Even if a definition of the term is very difficult, there is no doubt that the combination of massive amounts of data -big data how it is called nowadays- and the rise of highly efficient processing units -GPUs- is one key to the success of Deep Learning. Today, we are able to learn classifiers for a couple of thousand categories with more than ten million input samples. That is quite impressive and as the results of some competitions show the models get better and better every year.

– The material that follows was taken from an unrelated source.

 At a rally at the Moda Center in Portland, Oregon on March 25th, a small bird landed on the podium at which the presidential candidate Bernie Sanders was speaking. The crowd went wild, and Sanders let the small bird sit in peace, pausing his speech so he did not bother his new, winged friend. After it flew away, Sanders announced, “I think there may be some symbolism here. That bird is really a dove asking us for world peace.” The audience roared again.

The idea to begin with simple features and compose them into higher level features is not only biologically more plausible than handcrafted features, but they also seem to work very good. Especially convolutional networks are very useful to visualize how the model learns to combine primitive features stepwise into concepts like a cat, a car or a flower. In case of the image domain, all we need is to label images. That is expensive, but we do not have to face problems that it is not clear if the animal on a picture is a dog or a cat. Sure, sometimes it can be challenging but at the end, it is not a matter of personal taste. We talked about this in earlier posts. For the music domain, it is much harder because genres might overlap and of course genres itself might be ambiguous. However, in case of unsupervised learned, this is no problem because in that case, the features are derived directly from the audio and no labels are used.

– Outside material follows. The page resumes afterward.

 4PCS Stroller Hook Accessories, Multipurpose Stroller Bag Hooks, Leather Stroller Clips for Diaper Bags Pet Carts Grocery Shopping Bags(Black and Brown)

Now, let’s talk about movies. As we already explained, in this domain, we do no have access to any native features. In other words, we have to rely on handcrafted features to learn concepts which can be a serious problem because we assume that the features contain enough semantic information to perform hierarchical learning. Besides the features itself, the procedure of feature selection, usually a top-k scheme, hurts the performance a lot because rare features are likely to be very discriminative.
In a nutshell, Deep Learning has been very successful in the domains of music, images, speech and NLP. All these domains provide some kind of native features, so they do not rely on handcrafted features. However, without access to native features, the success of a deep approach cannot be guaranteed, because the feature might lack enough descriptive information and thus higher layers are not able to compose the inferred information into an useful concept.